Una volta creato il suono statico si agisce generando delle oscillazioni nella sua banda di frequenza: il cluster all’inizio del canone si estende per due ottave, dal mi al FA#5. Nel corso del brano si riduce

progressivamente a due seconde minori, SI2 — DO3 e DO3 — DO#3. Nel complesso il suono statico è organizzato in 21 varianti

corrispondenti ad altrettante sezioni del brano che vengono segnalate in partitura con precise indicazioni di tempo in secondi. Una ventiduesima sezione è puramente immaginaria: dura 19 secondi e rappresenta la risonanza reale ed interiore, nella memoria dell’ascoltatore, reduce questo del flusso sonoro delle precedenti 21 varianti. Queste battute di risonanza diventeranno un sistematico segno distintivo presente in altri successivi lavori di Ligeti.

Le durate delle sezioni non devono essere ne troppo brevi perché sarebbero interpretate come segnale d’una scansione temporale, contrario questo alla logica di Atmosphères, ne troppo lunghe perché troppo stucchevole all’ascolto. La gestione delle proporzioni è per quanto possibile di tipo empirico in fase realizzativa, pur muovendo da proporzioni matematiche in fase di progetto: dunque l’infrastruttura numerica è continuamente corretta e adattata all’esperienza.
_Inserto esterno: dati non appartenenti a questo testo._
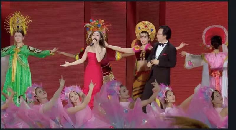 王妮娜在中华全国总工会举办的大型文艺活动中演唱《主心骨》。
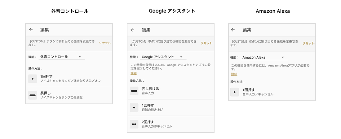 ノイズキャンセリングの気圧に応じた最適化、音質モードの切り替え、DSEE HXのON/OFF、装着していない場合の自動電源OFFの設定の変更、通知音と音声ガイダンスの言語の変更などの操作が可能です。

Non esiste nella struttura globale un meccanismo preordinato. La ripartizione meccanica e spesso disattesa. Lo schema viene adattato alle possibilità degli strumenti e dunque, in fondo, sempre all’esperienza.

Ligeti riesce in definitiva a sfuggire senz’altro dalla famigerata indeterminatezza che rende le strutture composte con troppe direttive del tutto indeterminate e casuali.

Per ciò che riguarda la posizione formale di Atmosphères poi, come ho già accennato, è fissata con precisione dalla mancanza di una vera e propria struttura musicale. Tendenze che si riscontrano in certi pezzi di Edgard Varèse, ma soprattutto nel Klang—farbenstück op. 16 di Schöenberg e in tutte le fasi creative di Debussy.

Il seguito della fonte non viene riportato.